Wednesday, October 9, 2013

Ch. 4 - The Marketing Environment

Chanel SA is a dominate force throughout the fashion and beauty industries, one of the top fashion houses worldwide. Iconic products such as its best-selling perfume, Chanel No 5, handbags adorned with the interlocking C logo, and traditional Chanel colors, black and white, and the concept known as the "little black dress" carry the prestigious Chanel Empire. Earning billions in revenue yearly, Chanel operates standalone boutiques, sells within independent department stores, and provides an online market to sell a vast product range including haste couture, accessories, and beauty treatments. Chanel’s target market has expanded from middle aged upper class women and men (generation X, 30-50), to young women (generation Y, 19-30) The target group is women, who identifies themselves with the values that Chanel represents, which is; elegance, simplicity, modern, and class. 


          To continue to be profitable as a luxury good, Chanel No 5 needed a personal and original take on advertising to impress its traditional customer. Carol Potter, a global business director of J. Walter Thompson said “That is a global trend but it is especially acute when it comes to luxury goods, because with luxury goods you are paying to feel special--you need that personal connection." Chanel continued to spend more on advertising than almost any other perfume company and as a result, reaped the fattest profit margins throughout the industry.
The perfume, Chance, was Chanel's first attempt to attract a younger clientele, the 21- to 29-year-old female. As Chance took off through new advertising portals such as a devoted Web site, the perfume would roll out through the European and Asian markets.

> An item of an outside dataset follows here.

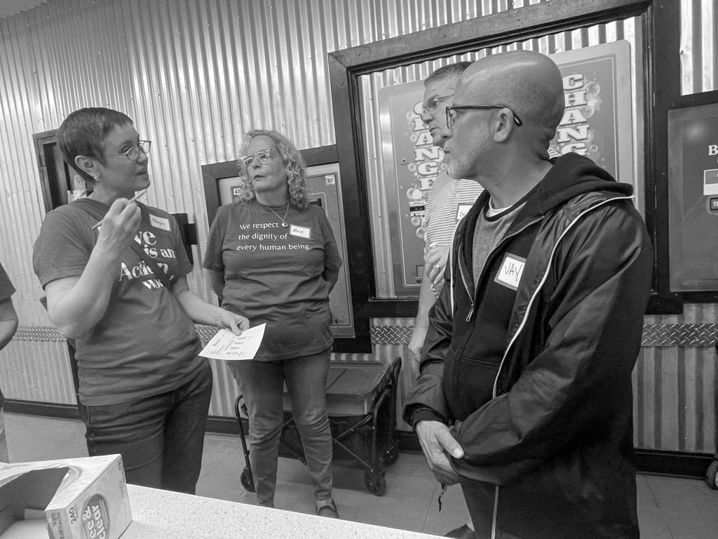 The group spreads the word through posters, placing them in areas where unhoused individuals gather, such as lunch lines, outreach centers, and other community aid locations.

By 2009, even the perennially profitable Chanel was affected by the global economic crisis. Chanel's profits, sales, and customers were not cut severely, but noticeably. Chanel stood to earn an estimated $5 billion in sales in 2009; however, economic changes did occur such as the reduction of 10 percent of the Chanel's production workforce in Paris. In contrast to the European and U.S. markets, which saw an 8 percent decline in the luxury market in 2009, new markets in Asia and the Middle East prompted Chanel to move more of its resources eastward. Couture was a challenging concept to interpret for new customers. Convincing new clients of the necessity of unsurpassed quality and perfection was vital to progress sales.

While Lagerfeld revamped the company's clothing designs, the rest of the company's designers and marketers carefully maintained a conservative, proven image so as not to tamper with the Chanel legend. As a result of Alain Wertheimer's efforts throughout the previous decades, Chanel's performance improved significantly. As the 1990s approached Chanel was considered a global leader in the fragrance industry and a top innovator in fragrance advertising and marketing. Chanel has opened three boutiques in Shanghai, one of the world's most populous cities.  Chanel's president of fashion, Bruno Pavlovsky said, “We try to bring through the boutiques the best value of the brand, our idea is not to open lots of boutiques but be able to give, through the existing one, the best value and the best service to our customers." China, with a population of approximately 1.3 billion people, is a focus for luxury brands due to its expanding middle classes. Its growth comes as consumer spending in Europe and the U.S. dwindles.